Ги де Мопассан
Задвижка
Раулю Дерэн
Перед обедающими стояло четыре бокала с наполовину недопитым вином — явный признак, что сами собутыльники уже полны до краев. Говорили, уже не слушая ответов, и каждый был занят только самим собою; голоса становились громче, жесты развязней, глаза разгорались.
То был обед холостяков, старых, закоренелых холостяков. Эти традиционные обеды ввели они в обычай лет двадцать тому назад, окрестив их именем «Целибат». Их было тогда четырнадцать друзей, твердо решивших никогда не вступать в брак. Теперь их оставалось только четверо: трое умерли, остальные семеро женились.
Эти четверо держались стойко и в меру своих сил тщательно соблюдали правила, установленные при основании этого любопытного содружества. Они дали друг другу торжественную клятву совращать с так называемого прямого пути всех женщин, каких только удается, предпочтительно же — жен своих друзей и еще предпочтительней — жен самых близких друзей. Вот почему, как только кто-нибудь из них выходил из их общества и обзаводился семьей, он спешил окончательно порвать со всеми прежними сотоварищами.
Кроме того, они обязаны были за каждым таким обедом исповедоваться друг перед другом и рассказывать во всех подробностях — с именами и самыми точными сведениями — о последних своих похождениях.

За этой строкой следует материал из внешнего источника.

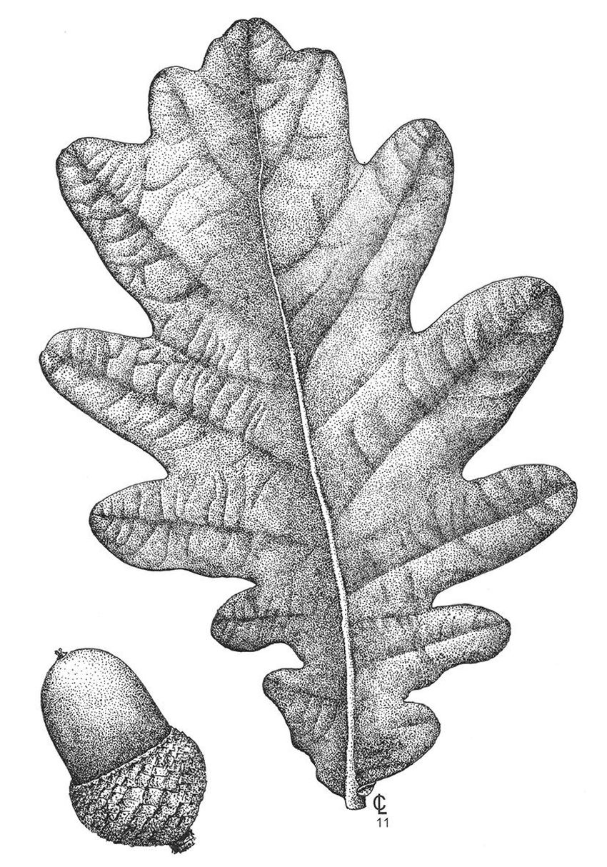 Дуб черешчатый ботаническая иллюстрация

Отсюда появилась своего рода поговорка, вошедшая у них в обиход: «Врать, как холостяк».
Кроме того, они проповедовали полнейшее презрение к женщине, которую считали «животным орудием наслаждения». На каждом шагу они цитировали Шопенгауэра, которому поклонялись, ратовали за восстановление гаремов и средневековых башен и приказали вышить на столовом белье, предназначенном для обедов «Целибата» древнее наставление: «Mulier, perpetuus infans»[1], — а под ним слова Альфреда де Виньи:
Таким образом, презирая женщин, они думали только о них, жили только ими и устремляли на них все свои помыслы, все усилия.

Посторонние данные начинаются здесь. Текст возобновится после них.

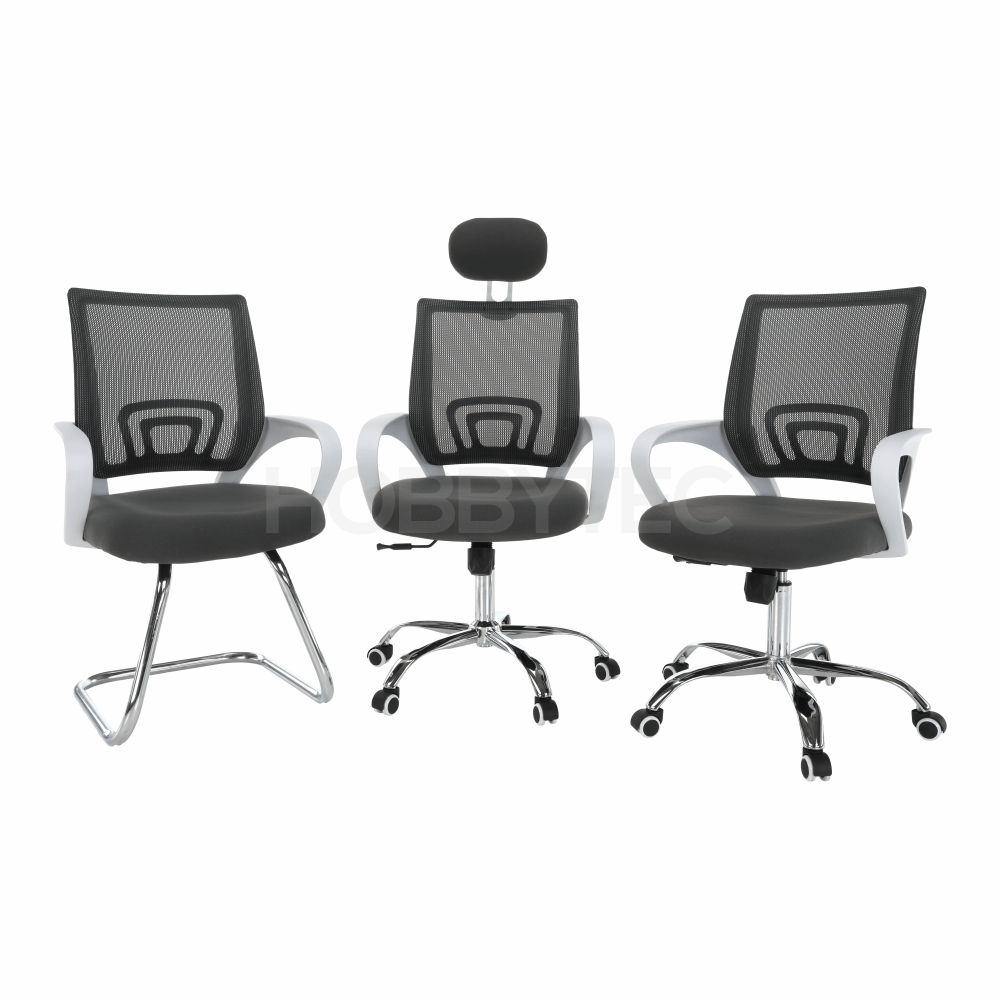 Křeslo je vyrobené v kombinaci bílého plastu a kovu v chromové úpravě. Čalouněné je síťovinou v barevném provedení: šedá. Výhodou síťoviny je její prodyšnost, což zabezpečuje plynulou cirkulaci vzduchu. Zádová opěrka je z vnější strany v bederní části zpěvněná plastovou opěrkou. Křeslo disponuje pogumovanými kolečky, područkami, nastavitelnou výškou sedu, houpacím mechanismem a opěrkou hlavy.

Прежние их товарищи, вступившие в брак, называли членов содружества старыми волокитами, высмеивали их и в то же время побаивались.

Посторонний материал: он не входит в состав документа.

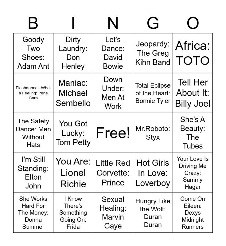 This bingo card has a free space and 45 words: Do You Really Want To Hurt Me: Culture Club, Come On Eileen: Dexys Midnight Runners, Shame On The Moon: Bob Seger, She Works Hard For The Money: Donna Summer, Never Gonna Let You Go: Sergio Mendes, Hungry Like the Wolf: Duran Duran, Let's Dance: David Bowie, Twilight Zone: Golden Earring, Africa: TOTO, I Know There's Something Going On: Frida, Jeopardy: The Greg Kihn Band, Mr.Roboto: Styx, Little Red Corvette: Prince, You Are: Lionel Richie, Puttin' on the Ritz: Taco, Sexual Healing: Marvin Gaye, Hey Mickey: Toni Basil, The Safety Dance: Men Without Hats, You Can't Hurry Love: Phil Collins, Tell Her About It: Billy Joel, Dirty Laundry: Don Henley, The Girl Is Mine: Michael Jackson, Too Shy: Kajagoogoo, Goody Two Shoes: Adam Ant, Our House: Madness, She's A Beauty: The Tubes, Come Dancing: The Kinks, Promises, Promises: Naked Eyes, Hot Girls In Love: Loverboy, I'm Still Standing: Elton John, Heart to Heart: Kenny Loggins, Your Love Is Driving Me Crazy: Sammy Hagar, Steppin' Out: Joe Jackson, Photograph: Def Leppard, Fall in Love with Me: Earth, Wind & Fire, You Got Lucky: Tom Petty, Don't Cry: Asia, Billie Jean: Michael Jackson, Every Breath You Take: The Police, Down Under: Men At Work, Flashdance...What a Feeling: Irene Cara, Total Eclipse of the Heart: Bonnie Tyler, Maneater: Daryl Hall, Maniac: Michael Sembello and Sweet Dreams: Eurythmics.

Дружеские признания на обедах «Целибата» полагалось начинать за шампанским.
Сегодня эти старички — ведь они были уже стары, но чем больше старились, тем пространнее рассказывали друг другу истории о своих поразительных победах, — сегодня они были неистощимы. За последний месяц каждый из них успел соблазнить не менее одной женщины в день. И какие это были женщины! Самые молодые, самые знатные, самые богатые, самые красивые!
Когда рассказы были закончены, тот, кто начал первым, а затем должен был выслушать всех остальных, поднялся.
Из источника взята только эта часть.